Утром этого дня после развода я обходил рабочие бараки согласно положению — проверял оставшихся по списку освобожденных и делал указания дневальным по части поддержания чистоты. Осень уже началась, самая скверная ее вторая половина — проливные дожди, непролазная грязь, промозглый холод. В одном из женских бараков, пустом, холодном и темном, я увидел на фоне высокой печи совершенно обнаженную молодую женщину: она прижималась к печи всем телом, обнимала ее широко раскинутыми руками и казалась распятой.

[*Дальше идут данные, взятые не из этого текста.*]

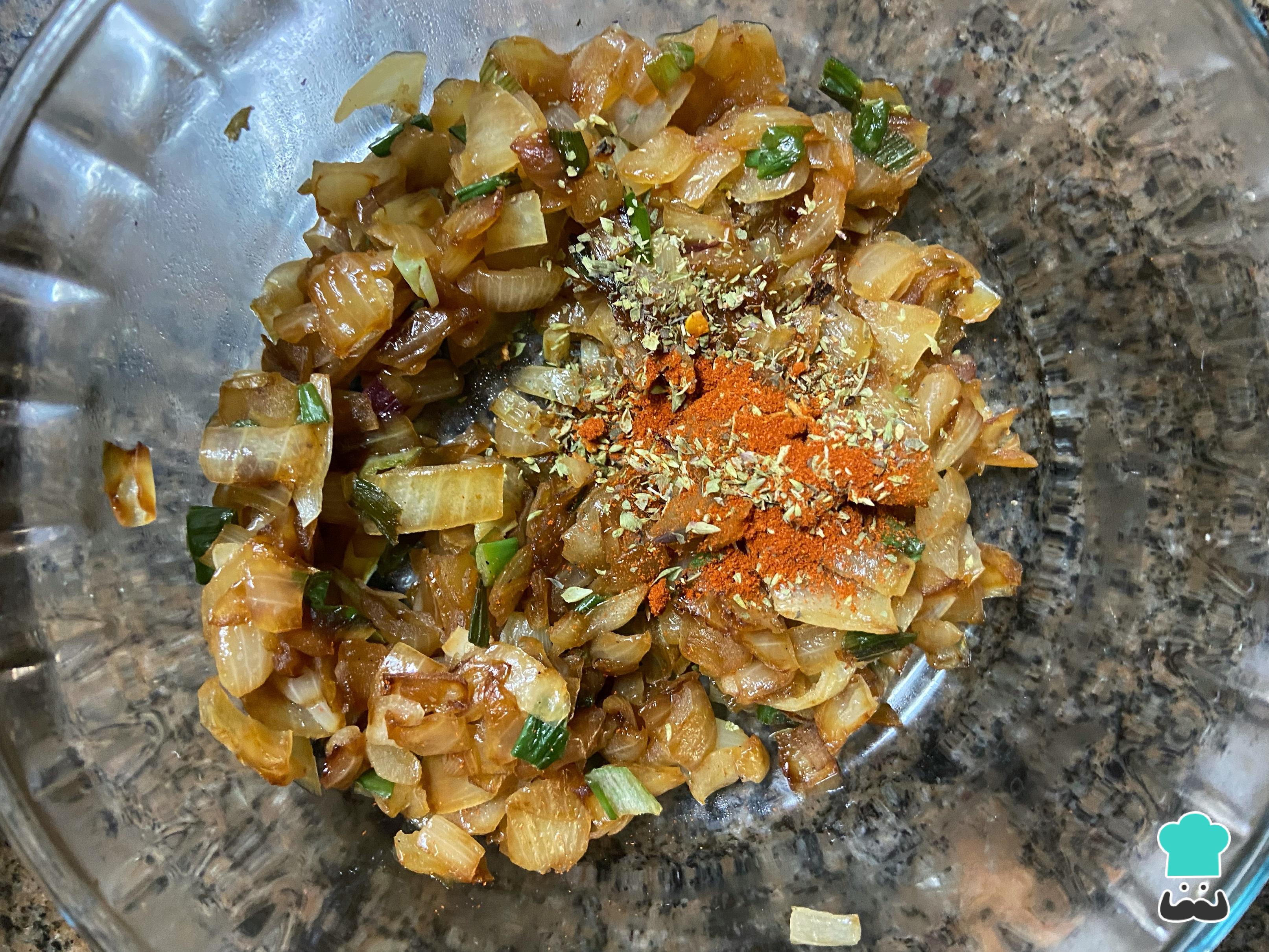 Condimenta las cebollas con el orégano y pimentón al gusto. Añade también el queso cortado en cubos.

— Это я, цыганка Сашка, — громко прошептал мне знакомый голос из полутьмы. — Не пугайся, доктор, и не шухери!
— Ты что здесь делаешь? Принимаешь воздушные ванны?
— Не шутуй, не будь гадом. Батя припер к Штабу тележку с какими-то пакетами, так я пакеты сбросила, а тележку смыла, порубала и вот греюсь: холода не обожаю, я с Тирасполя, у нас сейчас тепло.

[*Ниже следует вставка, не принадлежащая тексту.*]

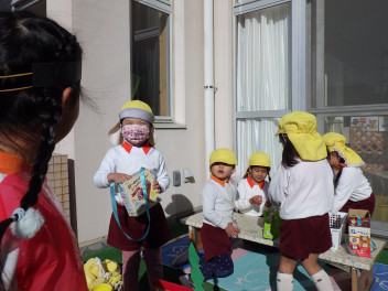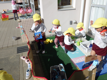 幼稚園内外の様々な環境に関わる中で、遊びや生活に必要な情報を取り入れ、役立てながら生活していけるよう、社会とのつながりを意識して大切にしていますlaugh

— Гм… А чего это ты голая? Продулась?
— Не в цвет попал, тут серьезное дело. К тебе просьба. Мой Иван в БУРе, ты сам знаешь: сидит за хлеборезку, помнишь? Через проволоку он уж дней десять кричит, чтоб я ему доставила табачку. Мол, невтерпеж, понял? А откуда его взять, энтот табак? На вахте один стрелок втихаря подторговывает махрой, и товар у него на большой палец, очень распрекрасный, но денег, гад, не берет, хочет барахло, теперь тряпки дороже денег. Так я с себя все как есть стира-нула, выгладила и загнала за наволочку махры — видишь, висит на вагонке? Вон та самая! Теперь слушай: сегодня, как смеркнется, я поползу через огневую дорожку в БУР, поволоку махру. Ребяты, которые гладят дорожку, давно уже в одном месте проделали над самой землей проход и замаскировали проволокой.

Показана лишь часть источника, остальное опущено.